A TAP não deixa a ciência voar

É com estupefação que lemos que a TAP deixou de transportar animais de laboratório. Esta decisão responde às pretensões das chamadas associações de defesa dos direitos dos animais mas constitui-se como um sério entrave ao desenvolvimento de investigação científica.

O uso de animais de laboratório na investigação científica é uma das atividades mais reguladas a nível nacional e internacional. A regulação legal e ética assegura que o uso de animais em investigação é restrito às situações em que não existe qualquer alternativa viável e que estão garantidas todas as condições de bem-estar para os animais. Comparar o uso de animais em investigação científica com a sua utilização em atividades recreativas é de uma falta de senso tão grande que nem merece qualificação. Mas descredibiliza de tal forma as chamadas associações de defesa dos direitos dos animais que acaba por enfraquecer a sua luta justa contra a barbárie das touradas, por exemplo.

A Medicina científica ocidental tem contribuído de forma significativa para o desenvolvimento de tratamentos eficazes para a esmagadora maioria das doenças com que a Humanidade se deparou. A Medicina científica ocidental permitiu aumentar a esperança média de vida de uma forma absolutamente inimaginável e aumentar a sua qualidade de vida de uma forma absolutamente esmagadora. Sem investigação científica, muitos cancros matariam em semanas ou meses, a maioria das pneumonias serão fatais, a hepatite C não teria cura, o HIV seria muito mais mortal, a Esclerose Múltipla não teria tratamentos, a depressão e esquizofrenia seriam doenças capazes de condenar irreversivelmente quem delas padece e por aí em diante.

Quem decide estas proibições devia ser consequente e recusar para si o uso de qualquer tratamento conseguido através da experimentação animal. Ou estas decisões são para inglês ver?
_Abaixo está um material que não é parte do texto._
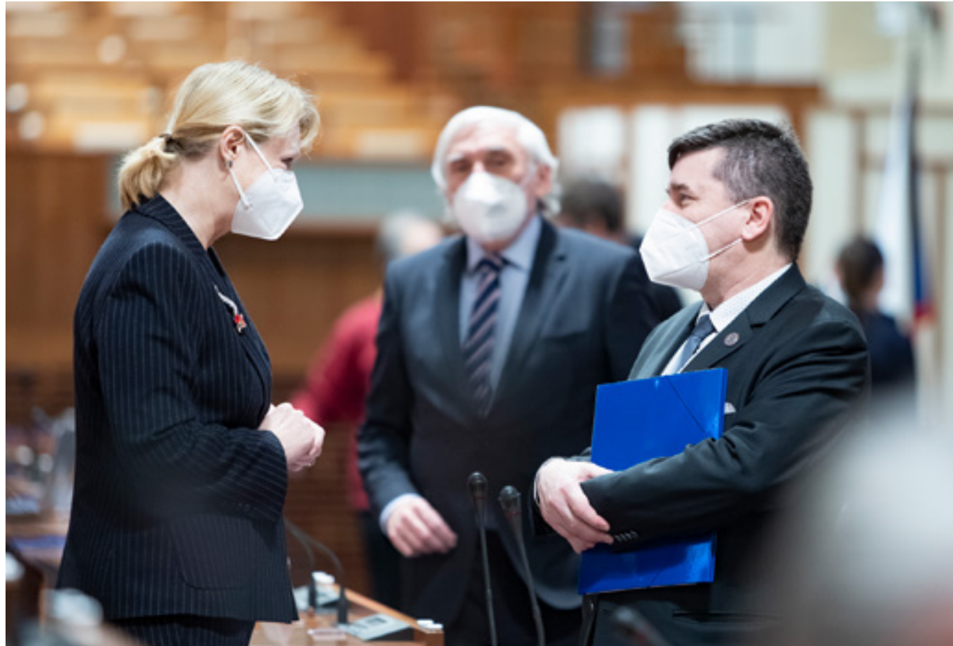
Společné jednání vedení Senátu a Poslanecké sněmovny o podobě volebního zákona.
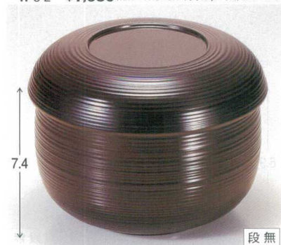
7-304-13 M 4寸小太郎飯器 溜内朱 1-228-3 ¥1,900 (12.5φ×9.3・内寸9.5φ×6.2) 櫃100 590cc
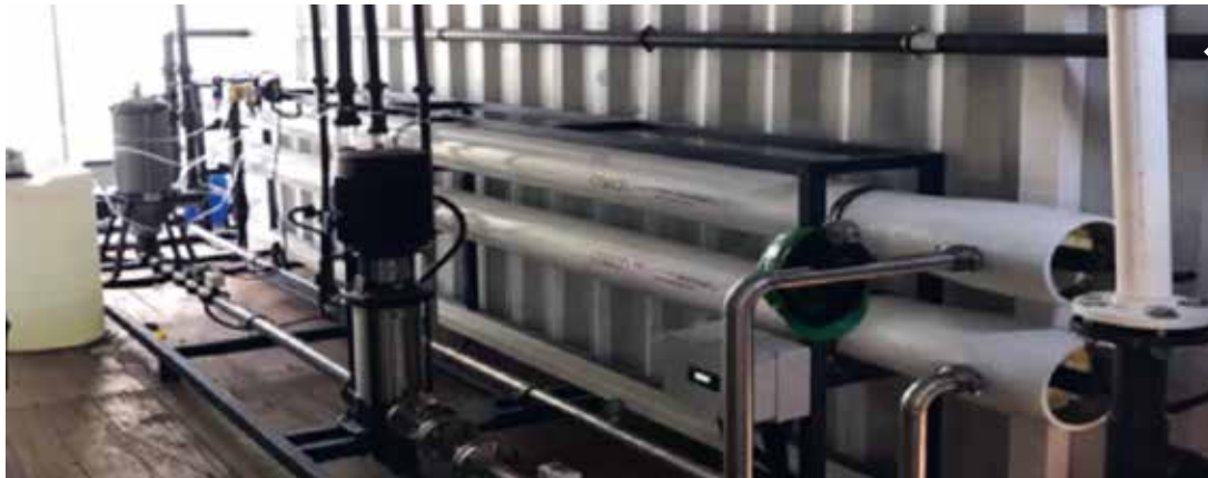
Atech Proses, endüstriyel atık su arıtımı ve su geri kazanımı konusunda otomotiv, gıda, tekstil, kimya, kâğıt ve diğer sektörlerle çözümler üretiyor.

Atech Proses'in su ve atık su numune alımı ve analizleri kapsamında kurduğu laboratuvarın ISO 17025 akreditasyonu-na sahip olduğunu kaydeden Fırat Altıntaş, "Laboratuvarımızda su karakterizasyonu, proses takibi, su kalitesi takibi ve çevre mevzuatlarına uygunluğun takibi için gerekli olan numuneler sertifikalı personelimiz tarafından alınıyor, analizler uluslararası standartlara uygun olarak yapılıyor; sonuçlar, doğru, güvenilir ve hızlı şekilde raporlanıyor." dedi.
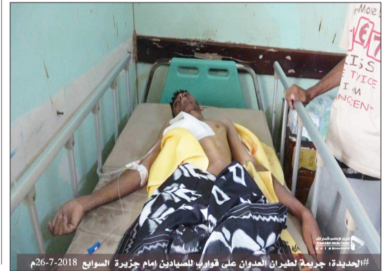
#الحديدة: جريمة لطيران العدوان على قوارب للصيادين امام جزيرة السوابع 26-7-2018م

واصل العدوان السعودي الأمريكي شن غاراته وعدوانه على محافظتي صعدة والحديدة مخلف شهداء وجرحى وأضرار في ممتلكات المواطنين.
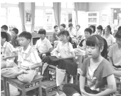
▲台湾嘉义市兴嘉国小法轮功社团
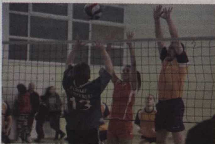
W meczu siatkówki Rada Miasta pokonała Radę Powiatu 3:1.
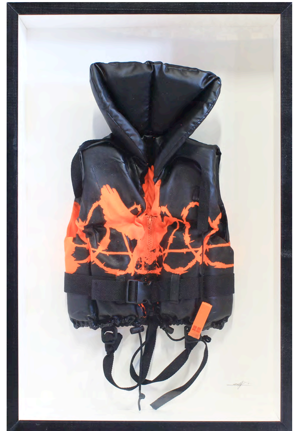
KURAR (né en 1983) Liberty jacket, 2017 Acrylique sur gilet de sauvetage dans un emboîtement en bois et verre signé, daté et titré au dos du cadre 80 x 55 cm

Se os executivos da TAP responsáveis por esta decisão querem tão militantemente opor-se à medicina baseada na investigação científica, então não se vacinem, não tomem antibióticos, não se submetam a cirurgias que lhes podem salvar a vida nem permitam que os seus familiares ou animais de estimação o façam. Tratem cancros, infecções, diabetes e outras doenças letais com uns chazinhos, ponham a vossa concentrada fé na diluída homeopatia, ou recorram à dita “medicina” tradicional chinesa (essa sim responsável pelo extermínio de milhares de animais em perigo de extinção). Ou então deixem a ciência voar. [Nuno Henrique Franco]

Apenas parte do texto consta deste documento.